In a sense, yes, though one might say they simply represent the application and refinement of traditional rules of evidence governing relevance to prevent speculation on the part of the jury. If the attorney's mistake damaged the client because his or her mistakes killed a settlement, or because the client ended up settling the case for too little, the question becomes what the reasonable settlement value of the case actually was.
In Washington, it is not sufficient for the jury to simply hear the plaintiff’s expert opine that in his or her opinion the real settlement value of the case was $x. Griswold v. Kilpatrick, 107 Wn.App. 757, 27 P.3d 246 (2001). The factual, informational, or scientific basis of an expert opinion, including the principle or procedures through which the expert's conclusions are reached, must be sufficiently trustworthy and reliable to remove the danger of speculation.
Acceptable evidence would include testimony from the opposing party in the underlying matter that it was ready, willing and able to settle for a particular amount. That sort of evidence is hard to come by for a variety of reasons, including that the witness would be a formerly adverse party, usually with no love lost toward the plaintiff. Also, such witness may be concerned about waiver of attorney-client privilege. Clients often rely heavily on the advice of counsel in determining whether to settle and for how much, so the topic of settlement possibilities in the underlying case could be very much entangled with lawyer-client communications.
Alternatively, expert testimony may be offered in the form of an attorney with appropriate experience, who testifies that: 1) he or she was involved in factually similar cases, and can support that assertion, and/or 2) he or she can point to other specific settlement or verdicts as providing a foundation for his or her opinion. See Griswold.

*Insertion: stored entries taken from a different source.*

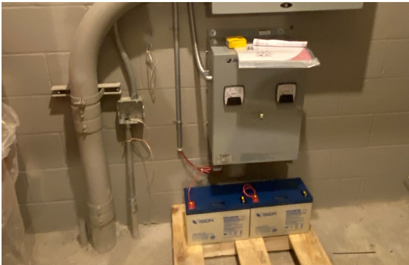
Installation charger and batteries in electrical room
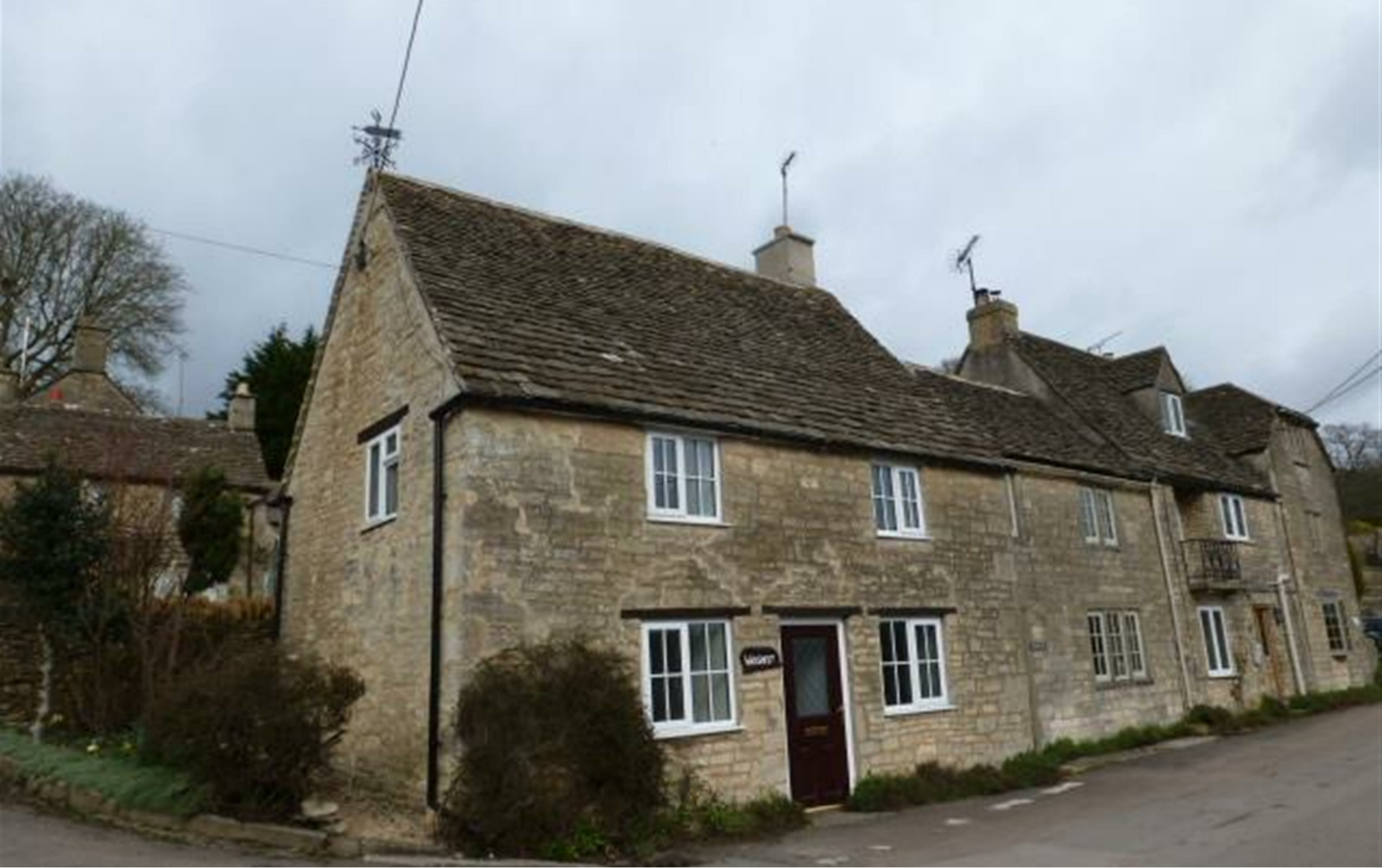
Waysmeet . . . Box, Minchinhampton
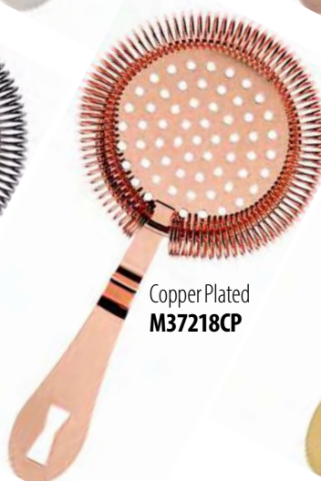
Copper Plated M37218CP
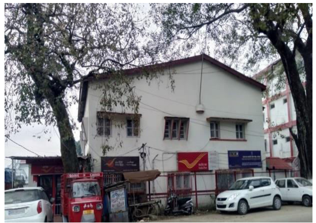
Fig 8: Kangra (H.P.)

The Head Post Office at Dharamsala has many stories to tell, being just settled on the entry point of the city, attracting many towards its vicinity adding to the blend of beauty of the premise. Kangra has much to say as an end stop of the Kangra valley narrow gauge railway line or having a stay place of infamous Brajeshwari Dham. The Head Post Office facilitate many tourist transact for their different needs in the journey. Additionally, India Post also facilitates for the parcel delivery at the doorstep for the tourist purchase made at the shopping outlets, especially for its MOU with HP Government ventures (Fig 7 and Fig 8).
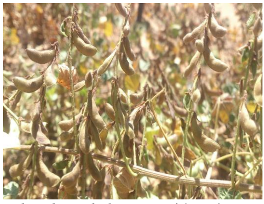
Rhynchosia holoserica with pods
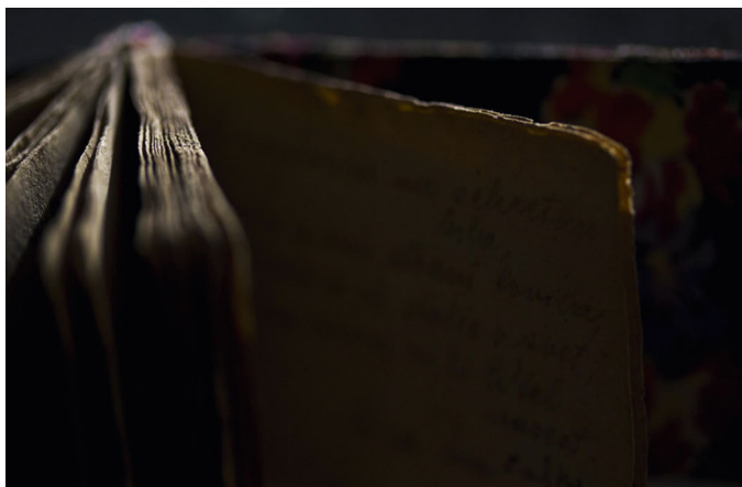
Figure 1: Tiny and fragile. The book is full of cracks, crests, textures. It exerts experience. It feels very personal and at the same time, collectively significant.

A beautiful, tiny, handmade autograph book rests on my hand. This tiny notepad is shy and with good reason. Its inscribed pages hold memories of abduction, incarceration, forced labor, suffering, war and death. Commemorations of war are collectively revisited as a platform for national histories. Individual experiences of war are neglected as if tucking away those lived experiences could make them vanish. For the first time in over half a century, this tiny autograph book stumbled across a visual researcher. My job was to document each of its pages so that they could live long after their already crumbly pages disintegrate. When turning the pages, I lightly pinched the corners, but I could still not avoid producing some more paper shreds which landed on the grey carpet of my office and tormented me from there. Objects are marked through successive moments of consumption across space and time. 5 Social relations existing in and through material worlds. Words written in confinement and now confined to disappear.
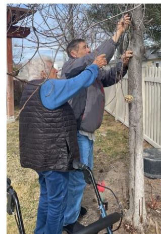
Emmett residents made pinecone bird feeders and took advantage of the sunny day to hang them outside
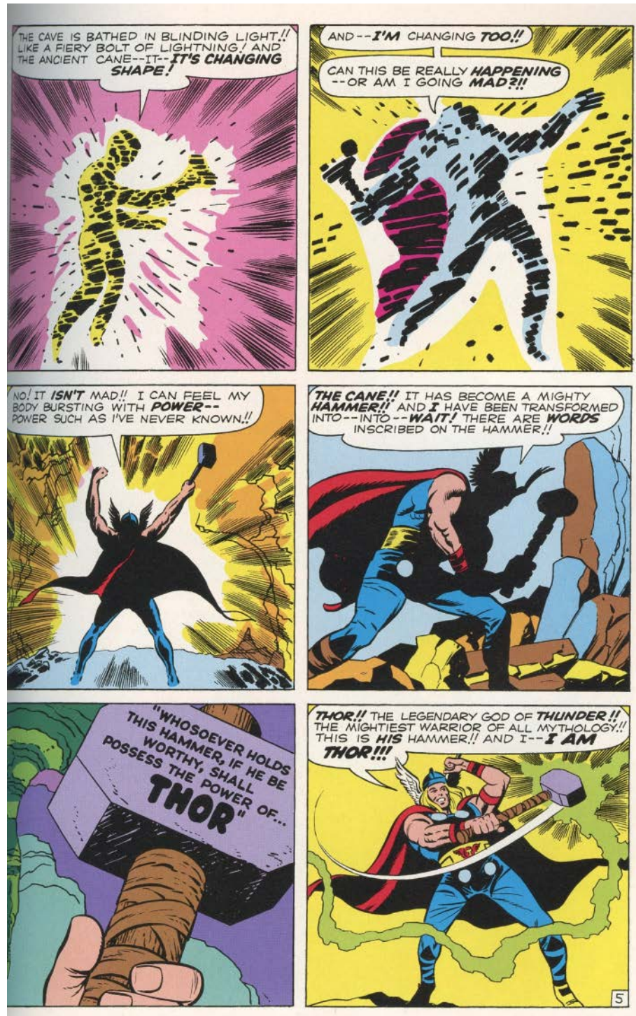
Figure 4: Journey into Mystery 88

hammer. Thor then wipes the floor with the alien invaders and saves the day! How did Thor get here? Why is he here? What does this mean?
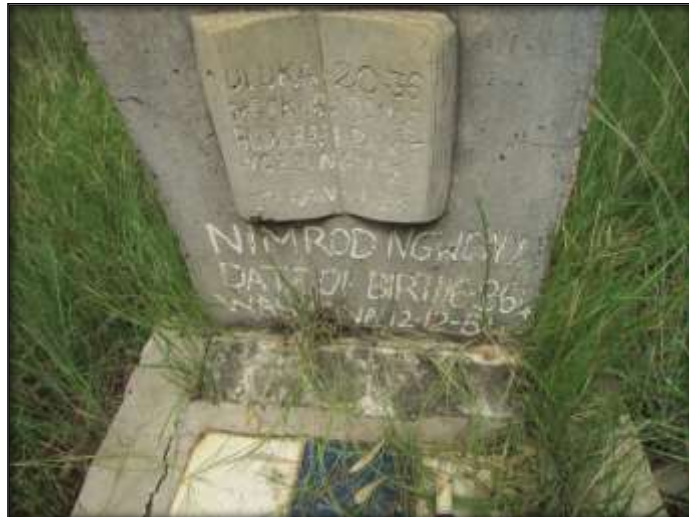
Fig.18: The grave of Nimrod Ngwenya.

This can sometimes be difficult, and often expert witnesses are reluctant to subject themselves to a heightened level of grilling about their background and experience than they must already undergo. For plaintiffs who settled the underlying case for too little, based on a flawed understanding about the merits of the case due to their lawyers negligence, this evidentiary hurdle can be a powerful incentive to dispense with the lost settlement opportunity theory altogether. Instead, a plaintiff might simply allege that he or she would not have settled the case with a full deck of information, and would have gone to trial. What would have happened at trial is for the jury to decide based on evidence presented in the case-within-a-case, sidestepping altogether the question of allegedly speculative settlements. This would leave it to the defense to enter allegedly speculative territory by arguing the underlying case would likely have settles for less than what plaintiff maintains was the likely judgment--a risky move.
Oregon appellate courts have not addressed the issue of lost settlement opportunities forming the basis of a legal malpractice claim with the degree of specificity as Washington has in Griswold. However, considering that the standard in Griswold reflects fairly traditional standards of relevance and avoidance of speculation, it is prudent to ensure that similar foundational evidence is available.